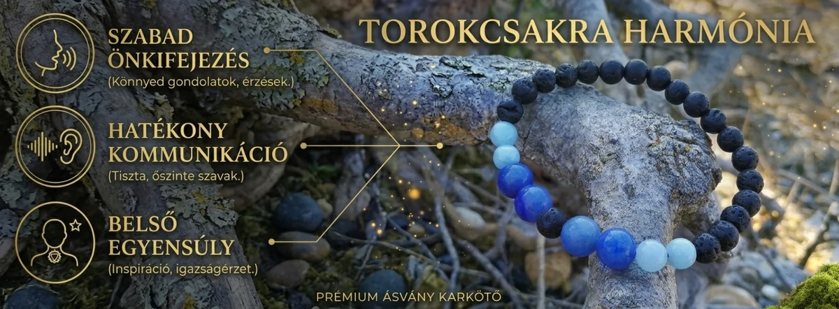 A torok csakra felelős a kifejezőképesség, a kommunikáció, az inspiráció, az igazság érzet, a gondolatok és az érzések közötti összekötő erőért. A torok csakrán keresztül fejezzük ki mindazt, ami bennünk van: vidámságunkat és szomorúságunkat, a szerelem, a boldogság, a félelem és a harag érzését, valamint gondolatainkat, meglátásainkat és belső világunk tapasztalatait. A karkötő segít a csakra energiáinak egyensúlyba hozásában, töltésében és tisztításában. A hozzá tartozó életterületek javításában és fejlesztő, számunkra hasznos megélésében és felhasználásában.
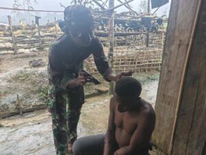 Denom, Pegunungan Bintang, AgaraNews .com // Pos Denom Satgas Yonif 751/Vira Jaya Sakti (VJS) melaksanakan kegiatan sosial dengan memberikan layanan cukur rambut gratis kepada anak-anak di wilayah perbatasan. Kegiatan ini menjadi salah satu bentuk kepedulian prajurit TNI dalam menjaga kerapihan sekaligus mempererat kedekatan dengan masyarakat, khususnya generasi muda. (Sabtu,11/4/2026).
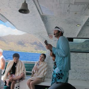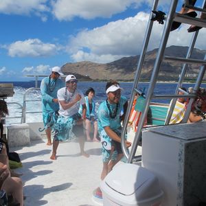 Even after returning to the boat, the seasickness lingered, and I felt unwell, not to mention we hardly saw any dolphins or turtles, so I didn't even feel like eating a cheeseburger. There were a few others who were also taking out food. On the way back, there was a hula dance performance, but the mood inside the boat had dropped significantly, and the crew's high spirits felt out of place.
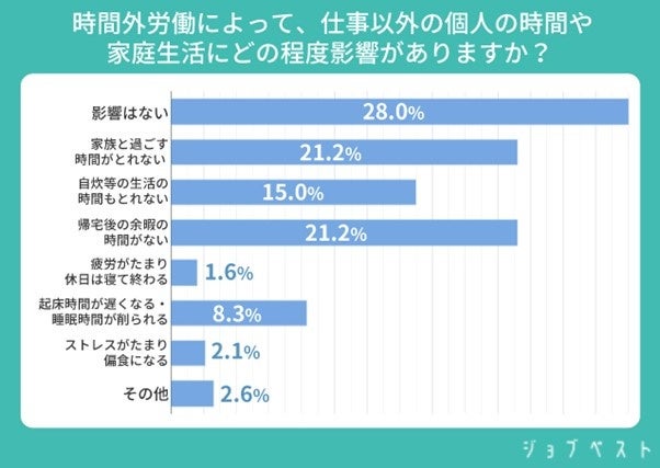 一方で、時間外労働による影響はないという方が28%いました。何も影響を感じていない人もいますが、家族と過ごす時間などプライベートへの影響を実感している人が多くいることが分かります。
-*-
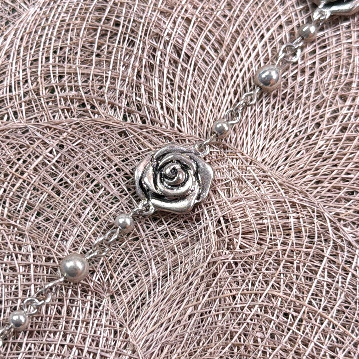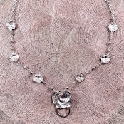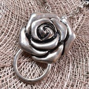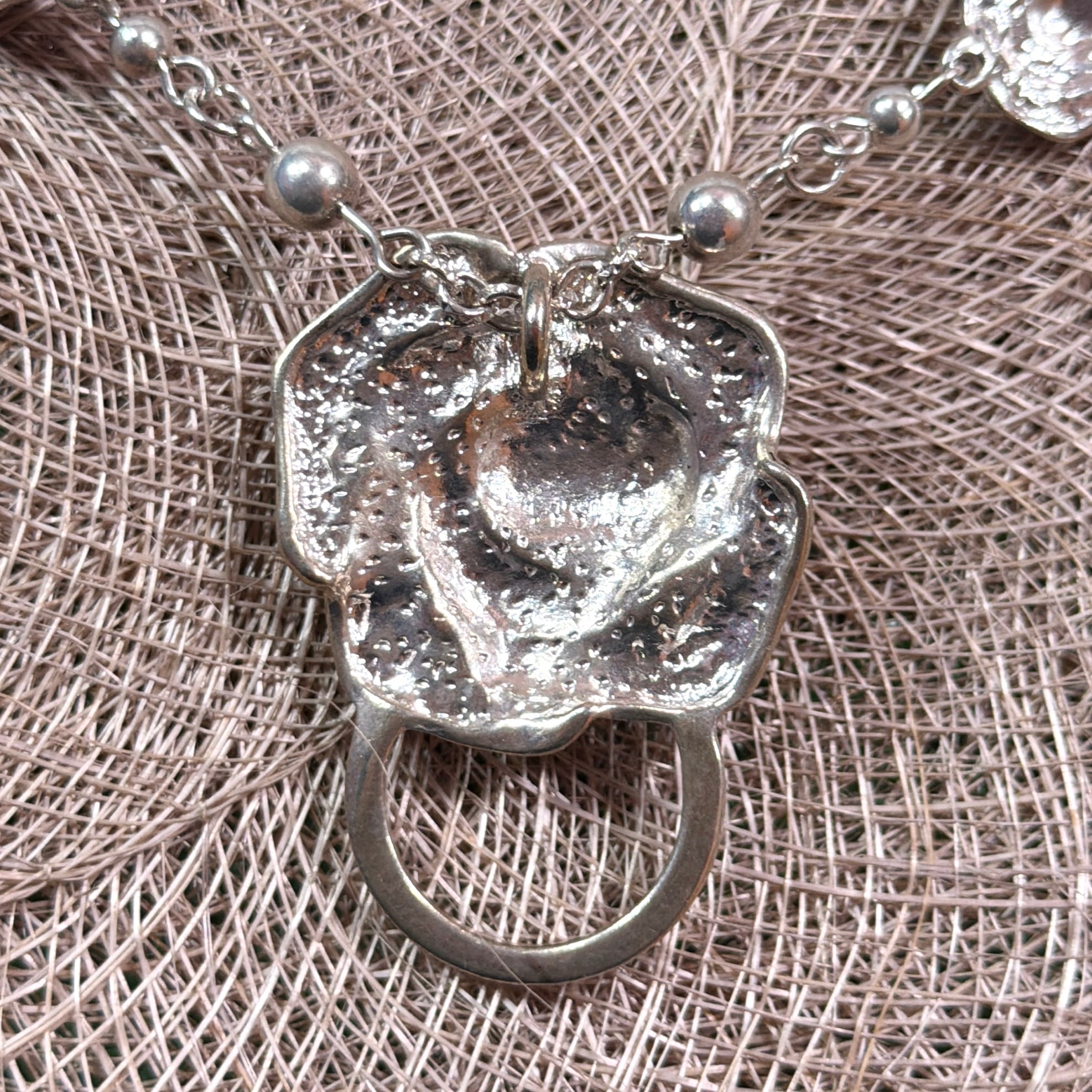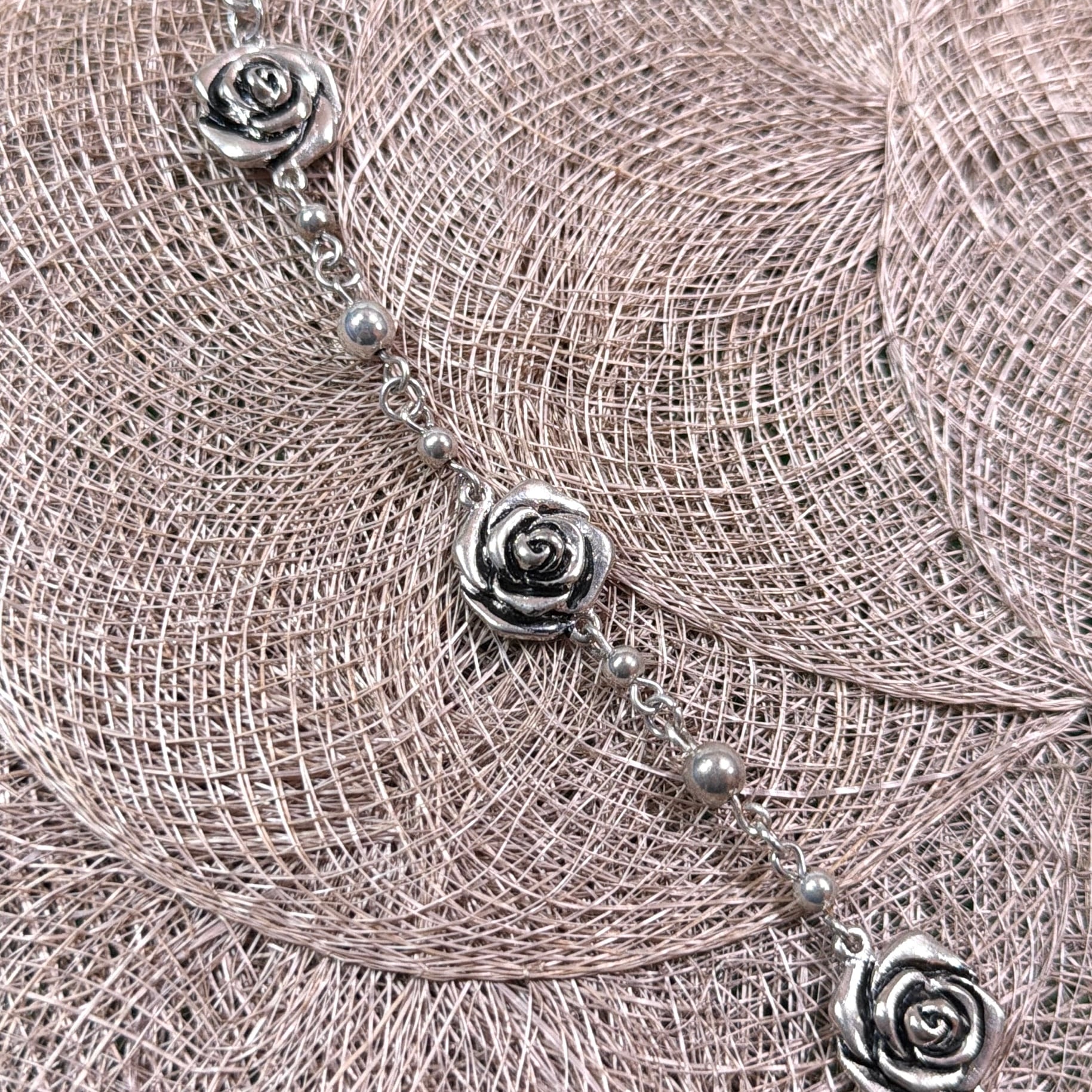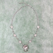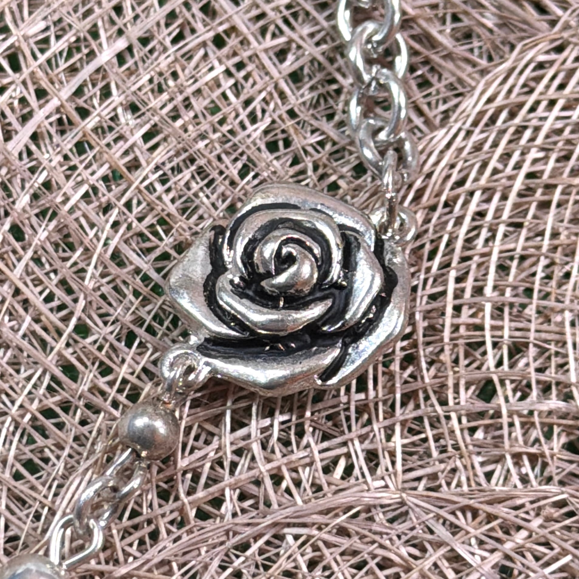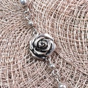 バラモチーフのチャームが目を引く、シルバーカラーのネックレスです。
-*-
§ **THE TASK**
Among the lines above, the one with "Even after returning" opens the part to repeat and the one with "一方で、時間外労働による影響" closes it; repeat only that part exactly, with no pictures.

§ **FINISHED TASK**
 Even after returning to the boat, the seasickness lingered, and I felt unwell, not to mention we hardly saw any dolphins or turtles, so I didn't even feel like eating a cheeseburger. There were a few others who were also taking out food. On the way back, there was a hula dance performance, but the mood inside the boat had dropped significantly, and the crew's high spirits felt out of place.
 一方で、時間外労働による影響はないという方が28%いました。何も影響を感じていない人もいますが、家族と過ごす時間などプライベートへの影響を実感している人が多くいることが分かります。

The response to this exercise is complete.